|M.Sc Student||Khoptiar Yuri|
|Subject||Reactive in Situ Synthesis of Layered Machinable Ti-Based|
Ternary Ceramic Matrix Composites
|Department||Department of Materials Science and Engineering||Supervisors||Professor Emeritus Elazar Gutmanas (Deceased)|
|Dr. Irena Gotman|
|Mr. Leonid Klinger|
Self-propagating High-temperature Synthesis (SHS) is an attractive method of ceramic materials’ synthesis based on utilizing the exothermic heat of their formation. Ti3SiC2, Ti2AlC and Ti3AlC2 carbides belong to a remarkable group of machinable layered ternary ceramics, that combine the features of ceramics with those of metals and are recognized as potentially attractive materials for various functional and structural applications. The overall goal of the present research was to obtain a good understanding of the reactive processes underlying the SHS synthesis of layered ternary carbides from the corresponding elemental powders. In particular, the fabrication of fully dense near-net shape products via pressure-assisted thermal explosion mode of SHS has been addressed.

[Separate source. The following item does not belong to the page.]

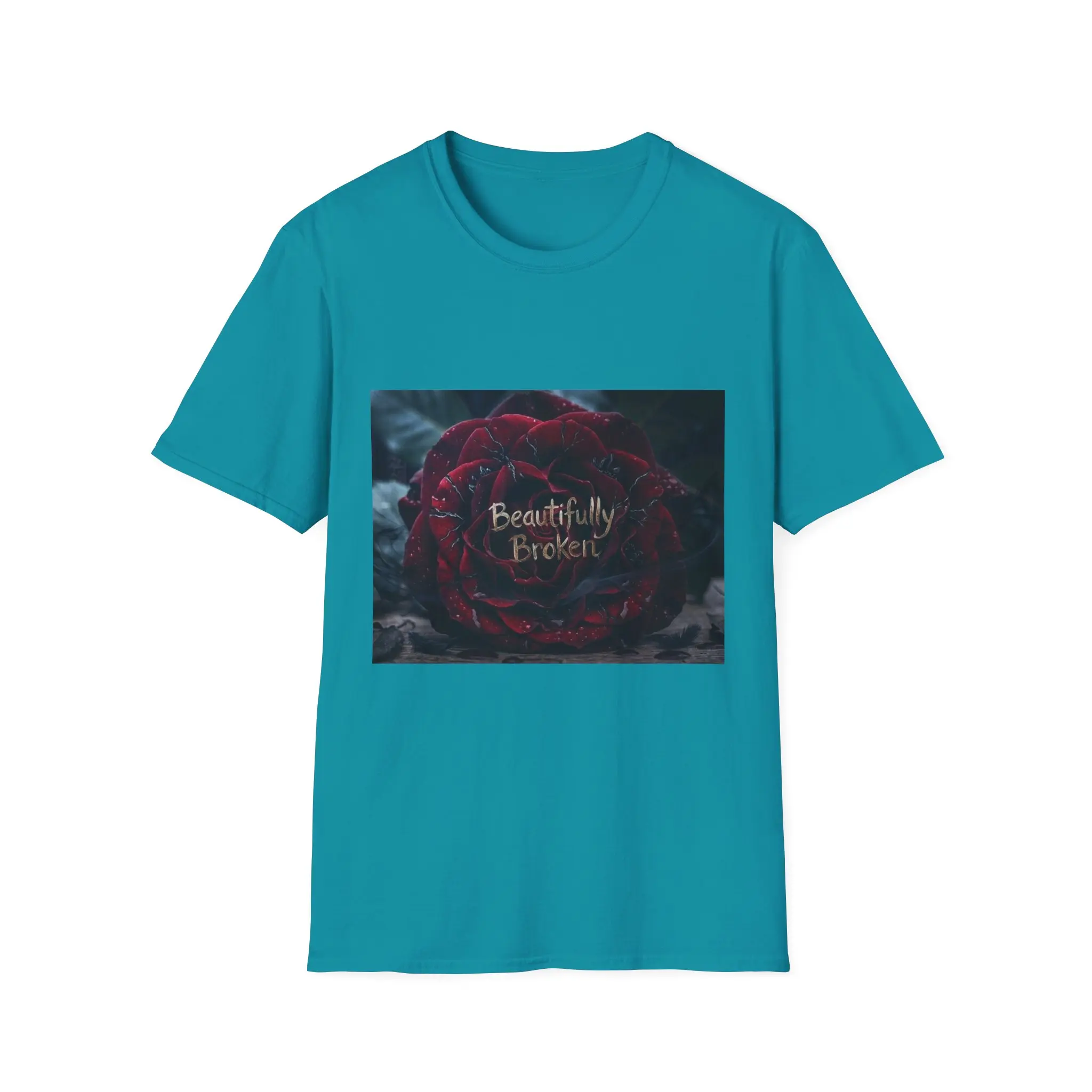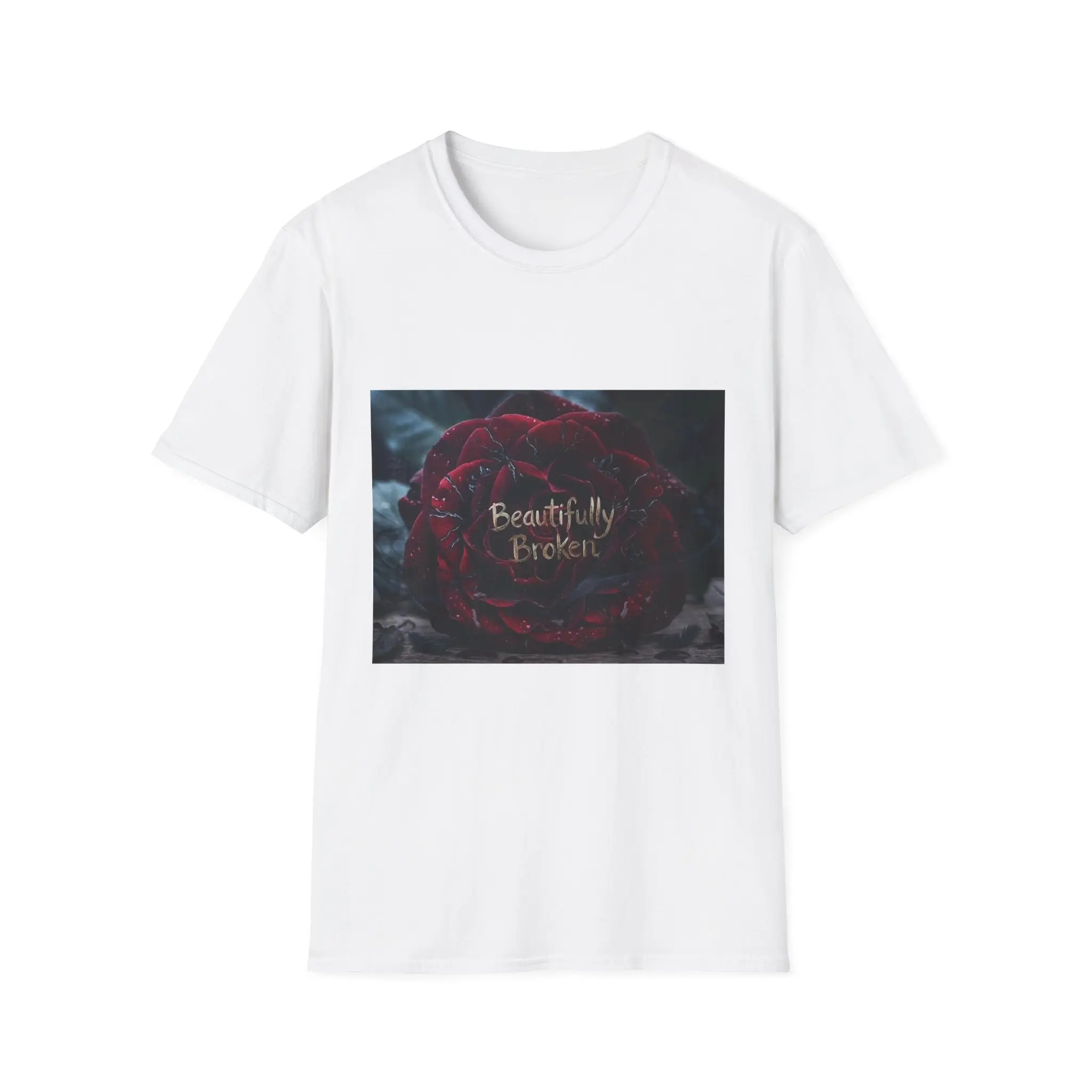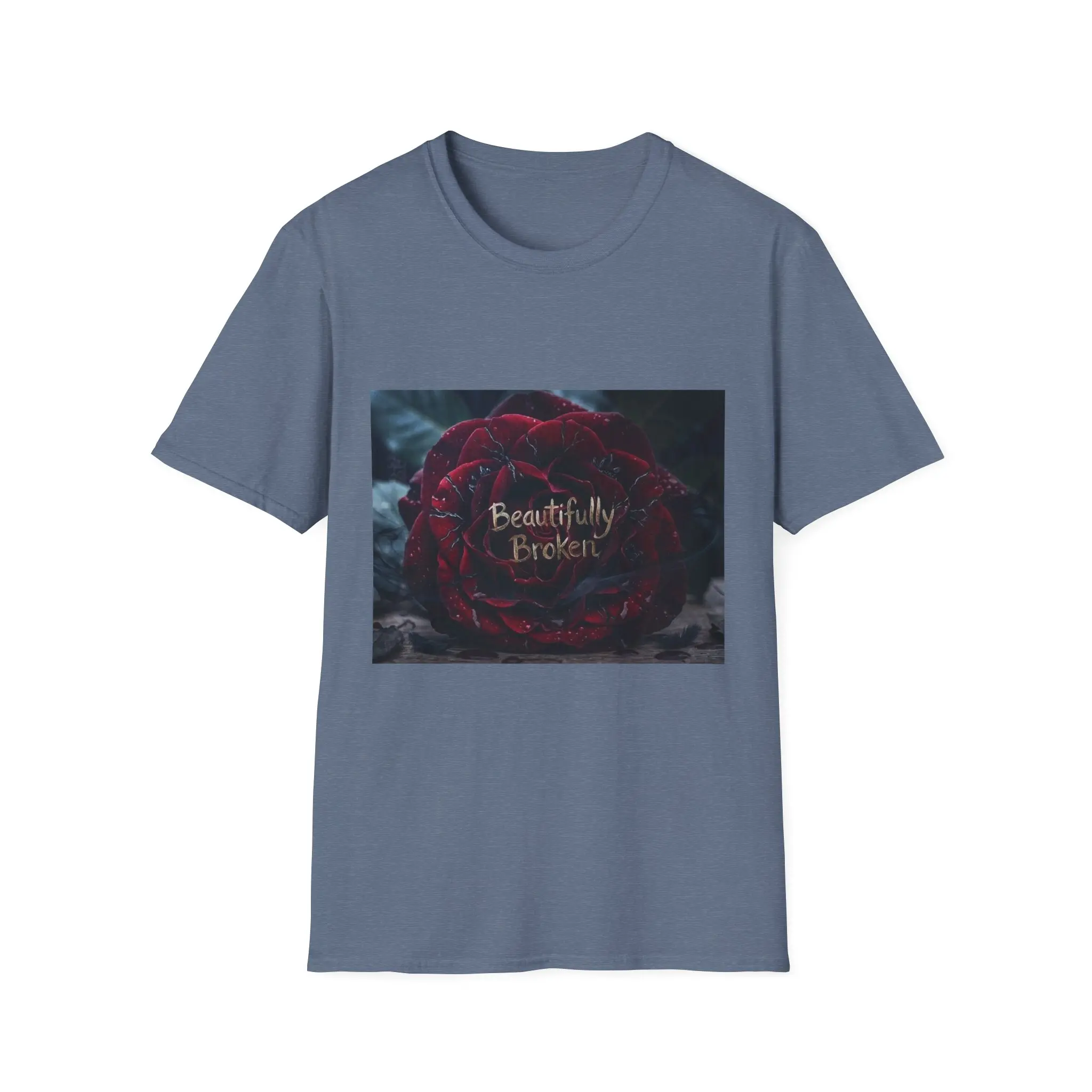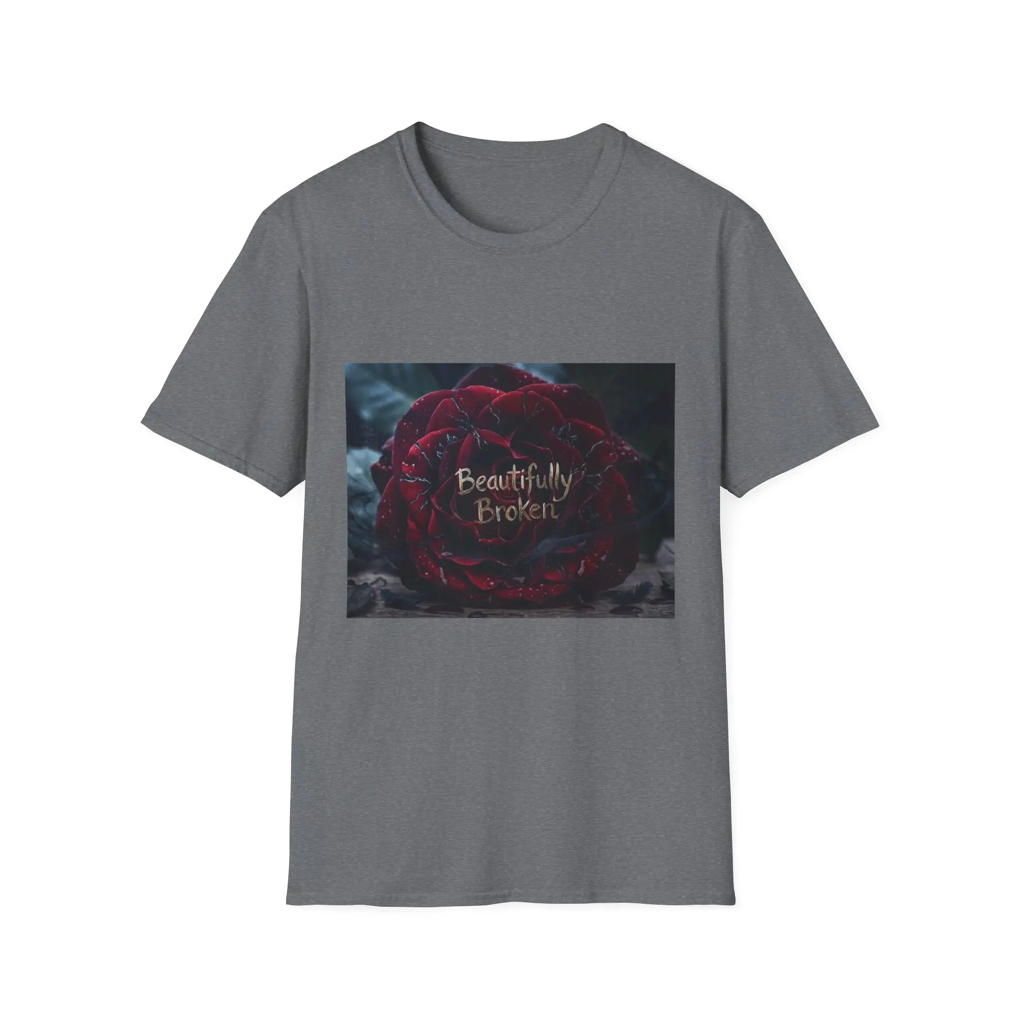 A soft, breathable tee that wears like a quiet statement. The front print shows a deep red rose with hand-lettered text that reads “Beautifully Broken,” blending moody romance with honest vulnerability. Lightweight and smooth against the skin, this shirt carries a relaxed, classic silhouette that layers easily under a jacket or stands alone as the focal point. It’s meant for slow mornings, late-night walks, and those days when you want your clothing to say something real — tender, resistant, poetically worn.

In each elemental powder blend SHS was performed via both combustion wave propagation and thermal explosion. By monitoring the temperature during SHS synthesis, heating curves were obtained. The products were characterized using X-ray diffraction and scanning electron microscopy with electron probe microanalysis. Based on the results, reaction sequences during the SHS synthesis of each ternary compound have been proposed.

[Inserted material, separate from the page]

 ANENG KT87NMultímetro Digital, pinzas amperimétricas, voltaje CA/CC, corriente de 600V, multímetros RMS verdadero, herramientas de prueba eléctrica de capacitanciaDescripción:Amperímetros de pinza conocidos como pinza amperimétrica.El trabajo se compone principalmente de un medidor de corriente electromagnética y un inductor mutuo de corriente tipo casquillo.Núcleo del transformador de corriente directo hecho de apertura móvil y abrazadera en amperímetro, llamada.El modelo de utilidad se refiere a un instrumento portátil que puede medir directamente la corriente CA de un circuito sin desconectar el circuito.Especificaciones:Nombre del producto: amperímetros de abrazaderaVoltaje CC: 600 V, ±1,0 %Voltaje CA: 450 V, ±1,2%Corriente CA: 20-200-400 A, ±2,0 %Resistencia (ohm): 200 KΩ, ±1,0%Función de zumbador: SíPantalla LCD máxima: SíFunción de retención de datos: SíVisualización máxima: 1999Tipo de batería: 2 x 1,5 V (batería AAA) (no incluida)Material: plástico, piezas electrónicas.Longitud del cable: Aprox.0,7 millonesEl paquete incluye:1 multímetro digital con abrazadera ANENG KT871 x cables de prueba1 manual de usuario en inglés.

Dense (95 - 99 %) near-net shape products were fabricated employing the original method of Reactive Forging within a confinement cylinder. In particular, a near fully dense material containing ~ 90% Ti3AlC2 was successfully synthesized. The material was found to possess a finer grain size and higher compressive strength compared to reports in literature.
The results of the research can be further used for the modeling of SHS processes in three-component powder blends as well as serve a scientific base for the development of practical processing routes for layered ternary compounds and their composites.